Snails on a Razor's Edge - A Review of United States of Japan

Jul 18, 2016 18:16


United States of Japan by Peter Tieryas

My rating: 5 of 5 stars

When non-Filipino friends come to visit the Philippines, one of the things many of my family suggest they do is take Carlos Celdran’s walking tour of Intramuros. He has an interesting reputation in the local political scene, mostly thanks to his ”Damaso” protest in 2010, and more recently his commentary on and subsequent apology to Rodrigo Duterte’s supporters in the months leading up to the Philippine presidential elections earlier this year. However, one cannot deny that his walking tour (which he describes as “performance art in the guise of a walking tour”) is entertaining and very informative.

One of the things Celdran likes to talk about is the American occupation - in particular, he likes to remind his listeners (particularly the Americans in the audience, if there are any) that the reason why Manila is the way it is now is because Douglas MacArthur decided to bomb the Japanese out of it. Before World War II, Manila was once a beautiful city, probably one of the most beautiful in Asia (or at least Southeast-Asia), but after World War II, it was almost utterly destroyed: the second most-devastated city after Warsaw.

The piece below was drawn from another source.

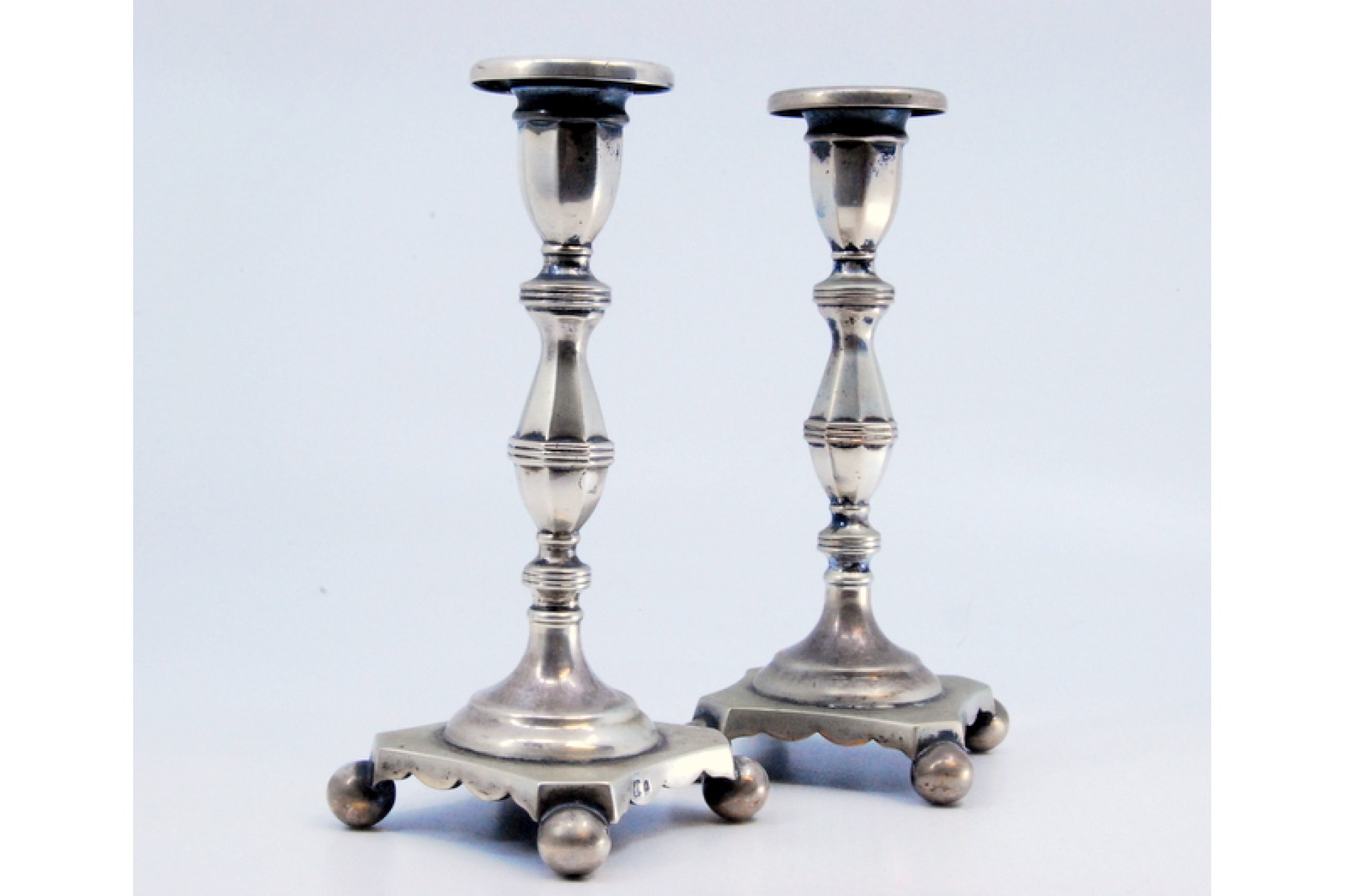 • Descrição: Castiçais baixos em prata torneada e assentes sobre bases quadradas com quatro pés de forma esférica.

During his tour, Celdran says that when the Americans bombed the city - when they levelled the historical, cultural, educational, religious, and political heart of an entire nation - and then replaced all that was lost with American architecture and culture in the years after, they essentially ripped out the identity of a people. And that identity is something Filipinos today are desperately searching for, but can never find.

And yet, despite this history, it’s still interesting to imagine what would happen if things had gone differently - if, for example, the Philippines had remained independent after the declaration on June 12, 1898. Would we have faced the Japanese alone? Would our country even have been a target? Or would we have been their allies? Perhaps Manila would not have been bombed to the ground. Perhaps my people would not feel so lost.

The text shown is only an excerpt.